### Data below
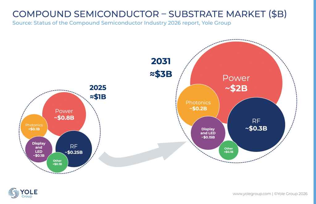 कुछ खंडों में अल्पकालिक मूल्य निर्धारण दबाव के बावजूद, विद्युतीकरण, एआई बुनियादी ढांचे का विस्तार और अगली पीढ़ी की कनेक्टिविटी SiC, GaN, GaAs और InP सहित मिश्रित अर्धचालक सामग्रियों की दीर्घकालिक मांग को मजबूत कर रही है।
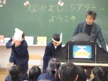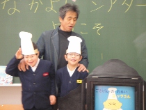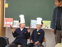 なかよし学級の二人が1年生を招待して、紙芝居を行いました。内容は、「きげんのわるいコックさん」のお話です。担任の川崎先生と3人での発表でしたが、1年生は大満足でした。
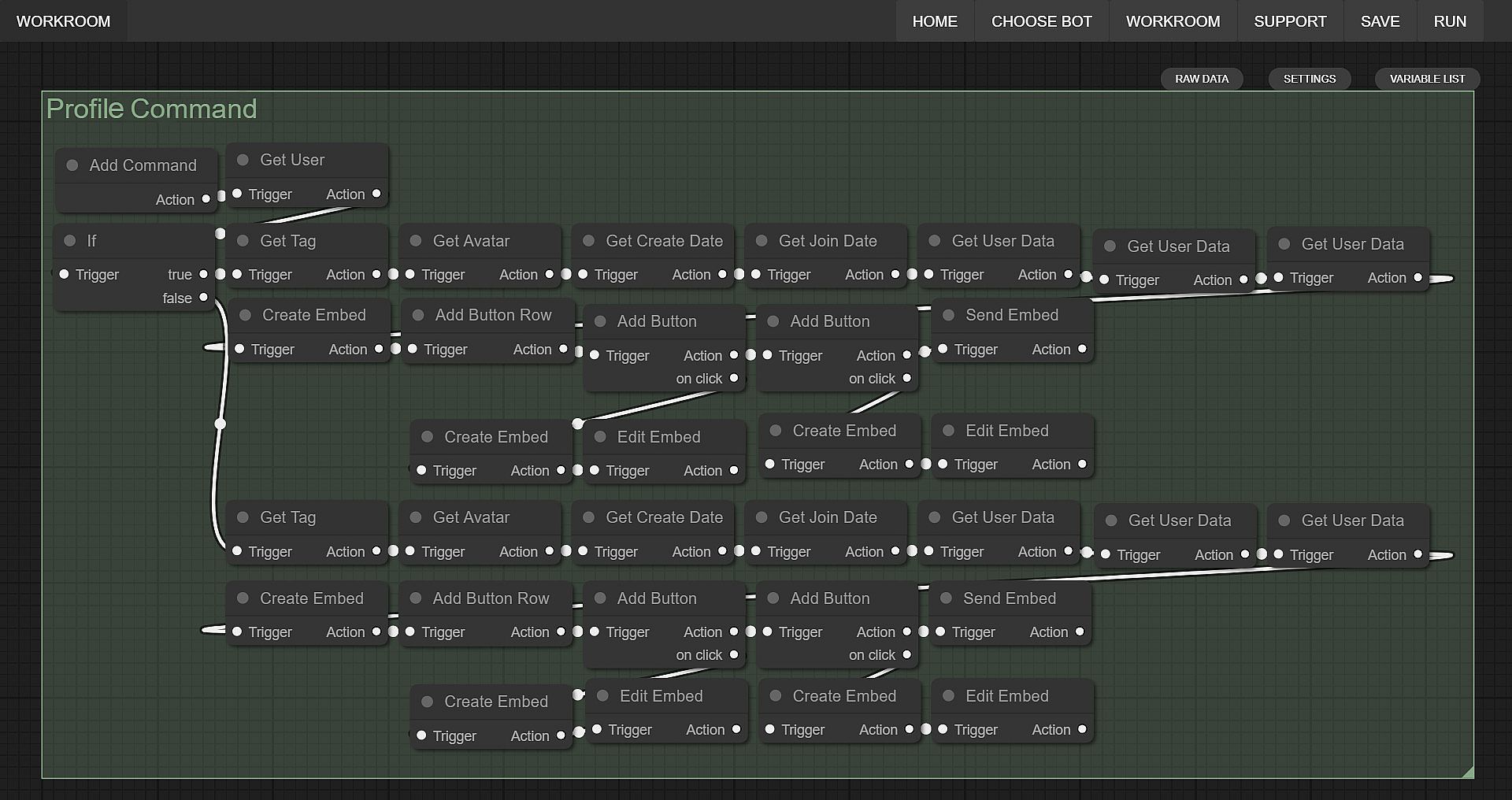 Discord bot workshop is the most advanced discord bot creator right now holding over 300 unique features in a simple infinite flowchart based node editor.

### Problem to work on
Copy the listing above word for word. Do not include the pictures.

### Result of this task
 कुछ खंडों में अल्पकालिक मूल्य निर्धारण दबाव के बावजूद, विद्युतीकरण, एआई बुनियादी ढांचे का विस्तार और अगली पीढ़ी की कनेक्टिविटी SiC, GaN, GaAs और InP सहित मिश्रित अर्धचालक सामग्रियों की दीर्घकालिक मांग को मजबूत कर रही है।
 なかよし学級の二人が1年生を招待して、紙芝居を行いました。内容は、「きげんのわるいコックさん」のお話です。担任の川崎先生と3人での発表でしたが、1年生は大満足でした。
 Discord bot workshop is the most advanced discord bot creator right now holding over 300 unique features in a simple infinite flowchart based node editor.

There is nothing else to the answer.